Almost 3 terabytes of data stolen in the Panama Gate scandal will shortly become searchable online. Mossack Fonseca, the breached legal firm behind one of the largest data leaks in the history, had numerous high-risk vulnerabilities in its front-end web applications, including its Client Information Portal. Actually, few hacking groups would spend money on expensive zero-days and complicated APTs, when the information can be easily stolen via insecure web applications. Moreover, even if your corporate website doesn't contain a single byte of sensitive data, it's still a perfect foothold to get into your corporate network.

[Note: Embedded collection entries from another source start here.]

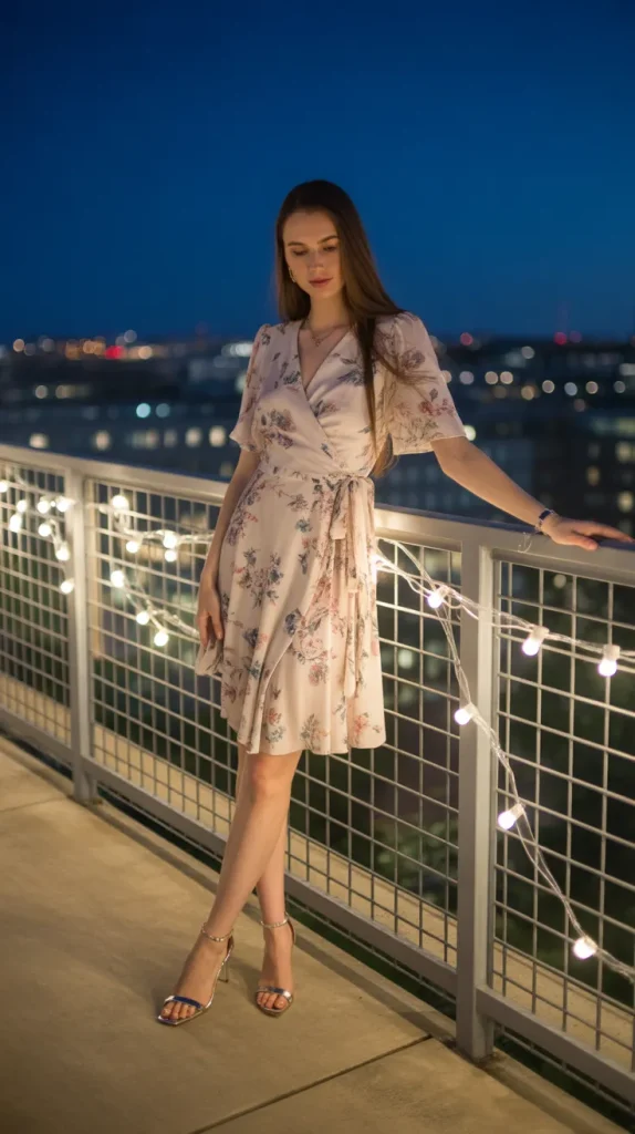 A wrap dress is universally flattering, which makes it the perfect option for a nice date outfit. Paired with strappy heels, it gives you an effortlessly feminine look that works in almost any setting. Imagine standing on a balcony with fairy lights glowing and the city spread out beneath you this outfit captures that kind of romance. 🌸 The wrap style highlights your shape without feeling restrictive, letting you move with ease. A small clutch and simple earrings complete the look, keeping the focus on the dress. It’s one of those pieces you can always rely on when you want to feel polished and pretty without overthinking it.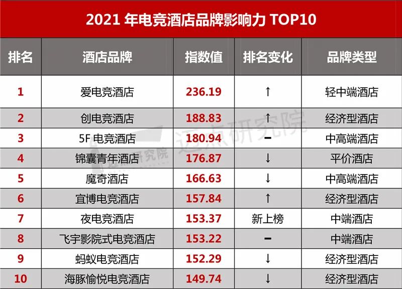1、整体品牌指数根据迈点研究院数据整理得出2021年度电竞酒店品牌影响力TOP10为爱电竞酒店、创电竞酒店、5F电竞酒店、锦囊青年酒店、魔奇酒店、宜博电竞酒店、夜电竞酒店、飞宇影院式电竞酒店、蚂蚁电竞酒店和海豚愉悦电竞酒店。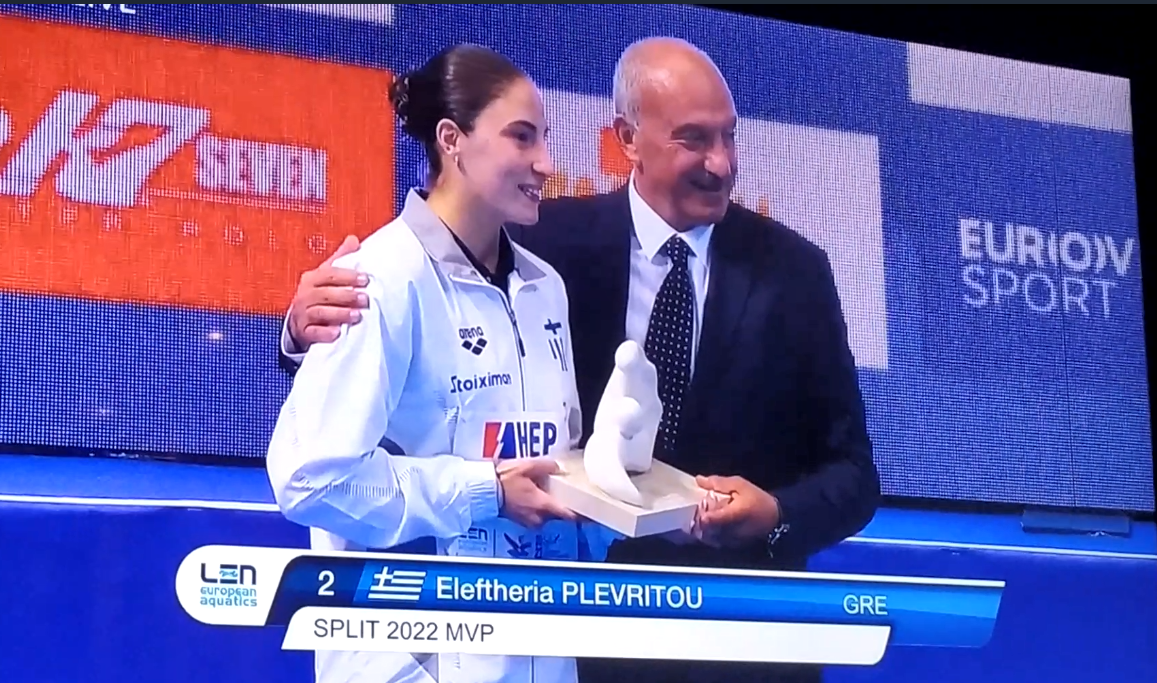 Μεγάλη διάκριση: η Ελευθερία Πλευρίτου αναδείχθηκε η πολυτιμότερη παίκτρια του ευρωπαϊκού πρωταθλήματος του Σπλιτ. Τη βράβευση έκανε ο πρόεδρος της Κολυμβητικής Ομοσπονδίας Ελλάδας και Α’ Αντιπρόεδρος της Ευρωπαϊκής Ομοσπονδίας, Κυριάκος Γιαννόπουλος.

Today many people, including cybersecurity professionals, underestimate the importance of web application security, focusing their attention rather on APT detection, enterprise immune systems and other activities applicable when it's already "too late" to react to prevent the breach. A common-sense approach suggests that before installing expensive anti-burglar equipment and alarm in a house, the owner should first close the doors and the windows and probably build a fence around, otherwise you're throwing money down the drain. Let's have a look at five most common myths that exist today about web application security, leading to sensational data breaches, huge financial loses and CISO dismissals:
Protection of corporate crown jewels is more important than web apps
No, you cannot secure one part of your network and ignore another one. Information security shall be comprehensive and holistic: you shall analyze all threats, vulnerabilities and thus attack vectors in their integrity. Today, no cybercriminals will try to steal your crown jewels directly wherever they are [securely] stored.
Breaking in via your web applications in pair with spear phishing will probably be one of the cheapest, reliable and silent ways to get into your corporate network and bypass your defense-in-depth. When you perform a risk assessment - think like a professional cybercriminal - keep the costs and time spent [on the attack] as low as possible. When you are mapping attack vectors and vulnerabilities - the more external people that can join your brainstorming session, including law enforcement agencies and victims of data breaches from your industry - the better.
My web applications are secure - I am PCI compliant
No, even if you have successfully passed your last PCI DSS compliance audit, it cannever replace a holistic risk assessment and common-sense approach to security. Even with PCI DSS 3.2 that now requires to have a multi-factor authentication to access the Cardholder Data Environment (CDE), it does not mean that only the web applications within the CDE scope shall be properly protected. A vulnerable subdomain, spear-phishing and a $10,000 exploit-pack can lead to compromise of your technical team machines, opening any doors inside your company network, including the CDE scope (if victim's machine is backdoored, even 2FA can be easily intercepted and compromised).